Current methods of memory storage of calibration information in capacitance film thickness gauges are unreliable because capacitance changes due to ambient environment changes affect primary sensor readings over typical changes in ambient environment conditions. Also, a second problem occurs when an operator changes, intentionally or unintentionally, the gap between the upper and lower electrodes which make up the capacitance sensor, rendering the stored calibration information inaccurate. A third problem occurs when additive and/or base-material changes occur in the film types resulting in changed dielectric properties of the material, rendering currently stored calibration information inaccurate.
Our invention accomplishes its intended result, automatically, without the requirement of utilizing exotic materials in sensor component construction as was required in the aforementioned prior art patent, and without the need to store calibration information in the memory of the capacitance film thickness device.

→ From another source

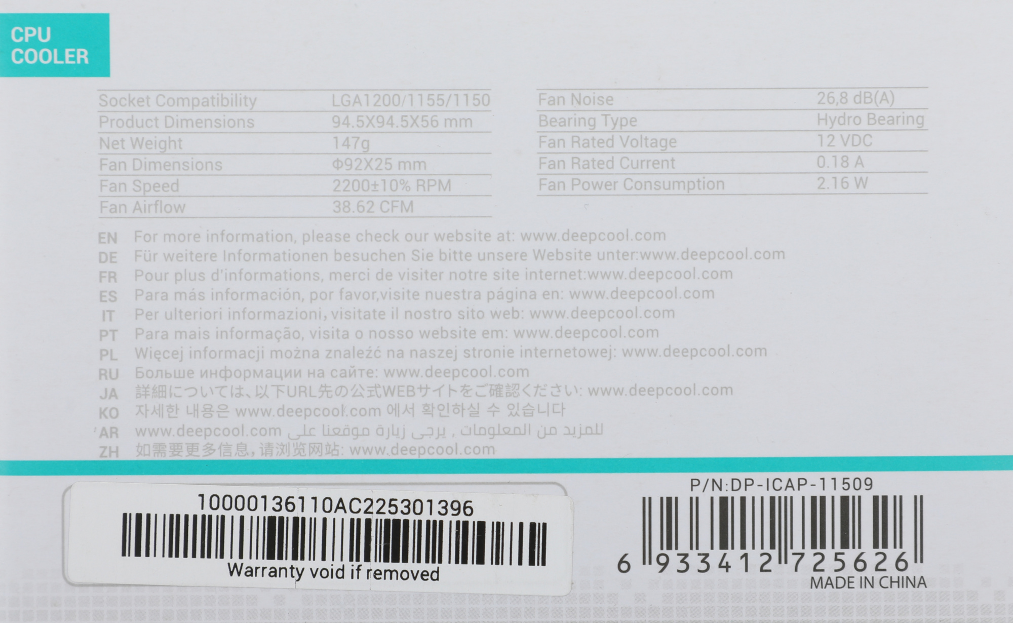 Описание Deepcool CK-11509 [DP-ICAP-11509]

Intregral to our invention is an improved film transport assembly for serially examining plastic film material which eliminates errors in thickness measurement location and eliminates variation in distance between individual sensor readings, while at the same time allowing accurate positioning of the film in the sensor. The invention utilizes a variable-speed, servo-controlled motor, position feedback device and motor controller assembly to accomplish these improvements. This motor control assembly is capable of starting, stopping, and accurate positioning of the film transport and film sample.
Accurate positioning of the film in the direct-measurement or contact-type and capacitance-type sensors is important because our invention first measures a specific point on the film sample with the contact-type sensor for calibration purposes, then the invention automatically moves the film sample such that the same calibration point on the film sample is positioned directly between the upper and lower capacitance sensor electrodes where the capacitive calibration reading is correlated to the contact-type calibration reading before the sample is run.
It is a second object of our invention to be capable of four modes of operation: 1) As described above, the direct-measurement sensor assembly allows automatic calibration of the capacitance sensor with thickness profile data measured using the capacitance sensor; 2) the capacitance sensor can be run as a stand-alone thickness profile data measuring system; 3) the direct-measurement sensor can be run as a stand-alone thickness profile data measuring system; and 4) running the capacitance sensor and the direct-measurement sensor simultaneously as a dual-sensor thickness profile data measuring system. The fourth mode of operation is useful, for example, in the measurement of embossed films where the direct-measurement sensor can measure peak-to-peak thickness (height) of the embossed pattern, and the capacitance sensor can measure the equivalent unembossed thickness, simultaneously.
An additional advantage of our invention is its ability to measure thickness profile information on materials where the capacitance sensor technology has weaknesses, or is not effective. Such materials include, but are not limited to, mono-layer plastic films, coextruded and laminated multi-layer plastic films, embossed materials, metallized films, heavily-colored films, paper, and like sheet materials.